12. Ghostbusters (1984): Bustin’ still makes us feel good. Ghostbusters opened to record box office numbers and continues to endure as a comedy classic, despite its eccentric premise and gleefully convoluted plot. While obviously absurdist, the movie reflects co-writer and star Dan Aykroyd’s very real, very weird fascination with all things paranormal. (Insider tip: With its mix of childhood nostalgia value and constant sexual innuendo, Ghostbusters is the greatest stay-at-home date flick of all time.)

13. Wall Street (1987): The message of Oliver Stone’s Wall Street is: “in the ’80s, mega-capitalism and banking industry greed were out of control.” But what many people seem to have taken from it is, “Gordon Gekko (Michael Douglas’s proudly corrupt banker) is awesome.” I guess dark comedy is open to interpretation. Gekko is certainly the most troublesome sort of badass, and it’s nice to be reminded that risky, flagrant immaturity is nothing new in the financial sector.

14. The Usual Suspects (1995): The devil is not a man with horns and a tail. In fact, as this psychological thriller illustrates, sometimes the personification of pure, ice-cold human evil appears as harmless as Kevin Spacey. The tale of an ill-fated criminal gang is told in flashbacks from Roger “Verbal” Klint (Spacey)’s police interrogation. Despite hinging on a surprise plot twist, the movie holds up to repeated viewings as a study of a sociopath.
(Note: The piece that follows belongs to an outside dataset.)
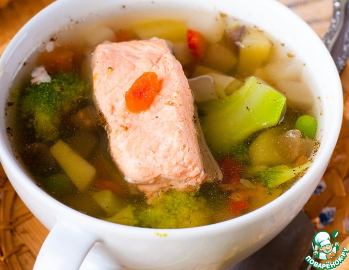 10. Разлейте уху по глубоким тарелкам, добавьте в каждую порцию ухи кусочки сёмги, приправьте долькой лимона и подавайте к столу.

15. American Psycho (2000): More than a decade after Wall Street, Hollywood still sought out humanity’s worst in New York’s financial corridor. Based on the feminist-denounced Bret Easton Ellis novel, Psycho features an avid Phil Collins fan and classic banker douchebag who develops a messy murder habit. Or at least it seems that way, until even the character’s morbid second life begins to unravel. Particularly famous for the darkly hilarious business card scene.